[p2p-research] Building Alliances (invention vs. innovation)

J. Andrew Rogers reality.miner at gmail.com
Sat Nov 7 03:40:05 CET 2009

On Fri, Nov 6, 2009 at 4:49 PM, Paul D. Fernhout
<pdfernhout at kurtz-fernhout.com> wrote:
> To invent something takes enough money to stare out of the window for years,
> which is a lot to an individual, but not much in the scheme of things.
> To take an invention, and dominate the marketplace with it, calling it an
> innovation, that generally take a lot of capital. :-) And it seems to me,
> that is more what Andrew is talking about.

I'm actually talking about both, because in some ways they are not all
that separable in a well-functioning system.
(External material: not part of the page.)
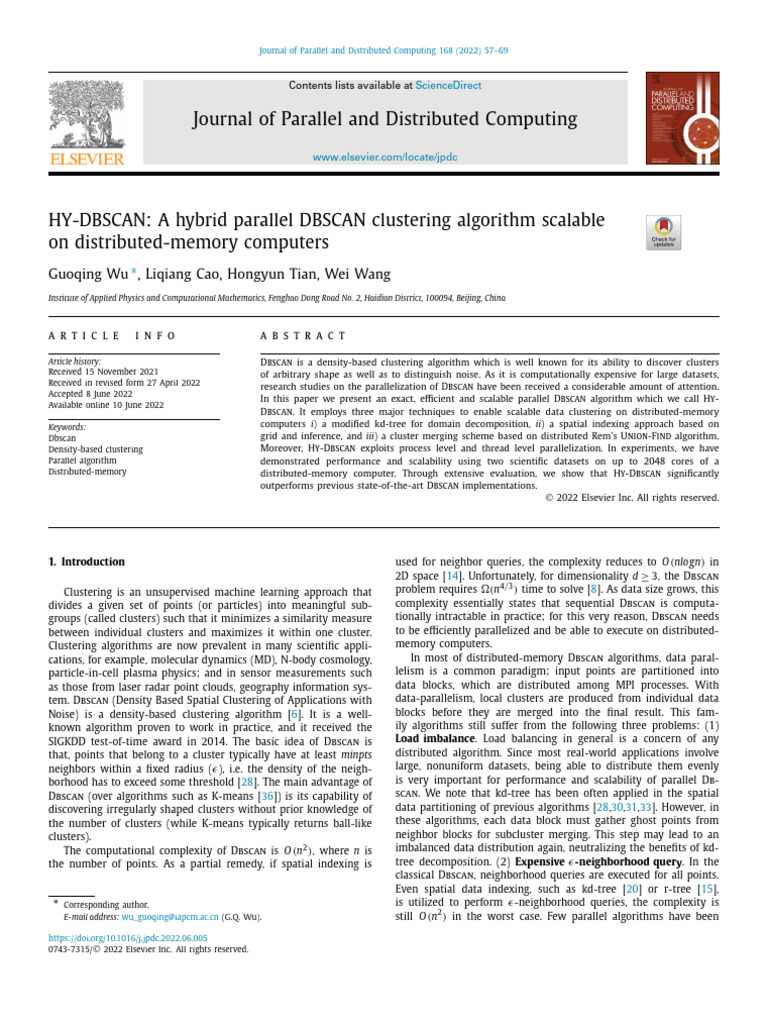 Received in revised form 27 April 2022 research studies on the parallelization of Dbscan have been received a considerable amount of attention.

A lot of interesting
research is essentially forgotten because of incompetent (or
nonexistent) reduction to practice.

The point that you are not getting is that the various bits seem like
they could be done on the cheap, but you have to use individuals that
can do the whole thing from end to end.  Those individuals are very
rare and consequently very expensive; even in your minimum basic
income scenario, you can't force people to do the parts they don't
want to do but the work does not partition for all practical purposes.
Hell, open source software has giant implementation holes and many of
those apps have tons of volunteers and people that could legitimately
contribute if they chose to. Speaking from my own experience writing a
lot of open source code in the past, I only did the parts I wanted to
and ignored the rest.

Real software R&D doesn't produce things an ordinary programmer can
contribute to. Take, for example, sensor fusion -- a real problem --
where you merge unrelated measurements of reality into a single,
coherent model on a computer. Use cases are things like virtual
worlds, Microsoft's Photosynth, agricultural modeling in the
developing world, cloud-based relational databases, and numerous other
applications, all with severe limits based on a "simple" problem in
theoretical computer science that has been around for many decades. No
existing strategy in literature points to a solution so it will have
to be something new. So you purchase the entire body of relevant
computer science literature, analyze it, and clean-room a brand new
theoretical basis for a solution that actually works based on a
previously unknown mathematical relationship between constructs in
topology theory and join calculus with some other ideas thrown in. If
you publish it, a dozen people might read it, half of which might
understand it. Your programmer basically has to be a theoretical
expert on topology theory and join calculus to correctly implement the
solution in the context of one of the above applications. That's a

In the real world no one competent volunteers to see it all the way
through because there is a lot of slog work involved and no one cares
about the whole process. Additionally people that can solve problems
like this are exceedingly rare and valuable, so they have other things
they could be doing even if it might be less valuable to society in
some absolute sense. This is an extremely effective model, and you
rapidly get results that would be nigh impossible to get any other way
because you systematically force reduction to practice, but it is also
very expensive.

> So, Google invented a search algorithm, maybe better than others at the
> time, but probably not something others would not have invented in a few
> years. But, then they partnered with people with money, and turned that into
> a big company that centralized control of the invention is an innovative
> thing.

Google's search algorithm was not original to anyone familiar with the
literature.  What was original, and ultimately made them the success
they were, was the design of their database that allowed them to scale
the way they did.  Again, all they did was take some obscure ideas in
academic literature that had never been seriously implemented in a
real system and figured out how to put them together. Any other search
company could have done the same if they had been able to get the
right set of bright polymaths working on the problem that were
familiar with some seemingly unrelated bits of literature.

And this was for a problem where the elements of a solution are widely
understood by computer science geeks.

> But, one could imagine that the people who started Google had just published
> their idea, and further, that someway was found to adapt it, in a
> "Folding at Home" distributed computer way to use idle CPU cycles and a p2p
> meshwork. We might not need Google server farms at all to do fast searches.
> But, there is not much incentive for people to spend millions or billions
> developing that idea, even if it was better and more secure and more
> democratic, because, in a captilist society, where is the profit?

There are well-understood theoretical reasons why that won't work.
Centralization was required, not a design choice. No need to look for
the profit bogeyman when simple mathematics will do.